Articolo 2: il progresso nel pieno sviluppo di una cultura della pace avvengono attraverso valori, atteggiamenti, modalità di comportamento e stili di vita orientati alla promozione della pace fra gli individui, i gruppi, le nazioni”. (A/RES/53/243, 13 settembre 2009).

Per le Nazioni Unite e per l’UNESCO, “cultura della pace” è un “insieme di valori, atteggiamenti, modalità di comportamento e stili di vita che rifiuta la violenza e previene i conflitti esaminandone le cause profonde, per poter risolvere i problemi attraverso il dialogo e le negoziazioni fra individui, gruppi e nazioni” (Risoluzione Nazioni Unite A/RES/52/13: Cultura della Pace e A/53/243: Dichiarazione e Programma di Azione per una Cultura della Pace).

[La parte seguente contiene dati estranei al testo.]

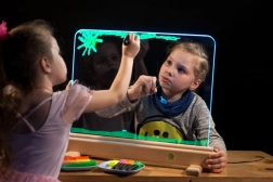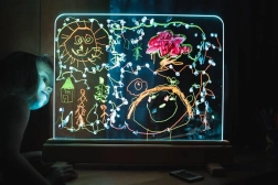 Razsvijetlite dječju maštu. Svjetleća ploča Jonely s izdržljivom površinom od kaljenog stakla omogućuje slikanje vodenim bojama, prstima i perivim flomasterima. Površina se lako čisti, a zahvaljujući mogućnosti obostranog crtanja zabavu mogu istovremeno dijeliti i braća i sestre. Integrirane LED diode u donjem okviru lijepo osvjetljavaju svaki potez i pretvaraju crteže u sjajna djela.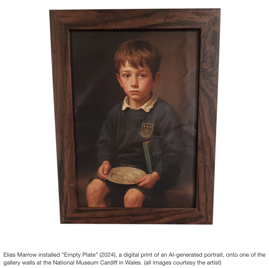 The print emulates an oil portrait of a nondescript young boy in a school uniform, holding a bare plate on his lap with a dour expression. Per the artist’s website, “It is unclear whether [the boy] waits to be fed, punished, or simply forgotten.” While the subject appears to have the correct number of fingers, other aspects of the painting, including the jumbled alphabet on his uniform logo and the overall yellowish tinge to the work, are undeniable evidence of generative AI — though Marrow’s accompanying wall text does not mention it. Read the whole article here.

La Città per le Culture della Pace, la Fondazione, e l’Istituto, sviluppano ulteriormente questo concetton, sottolineando e promuovendo al tempo stesso l’idea di una pluralità di “culture della pace”, che non solo operano in luoghi e con persone diverse, ma anche in diverse discipline e campi d’azione. La Città, la Fondazione e l’Istituto concepiscono il loro lavoro come una via che conduce alle “culture della pace”. Realizzano le loro attività nella convinzione che ogni individuo possa aiutare a costruire ponti fra popoli eterogenee attraverso la conoscenza e l’accettazione della diversità culturale.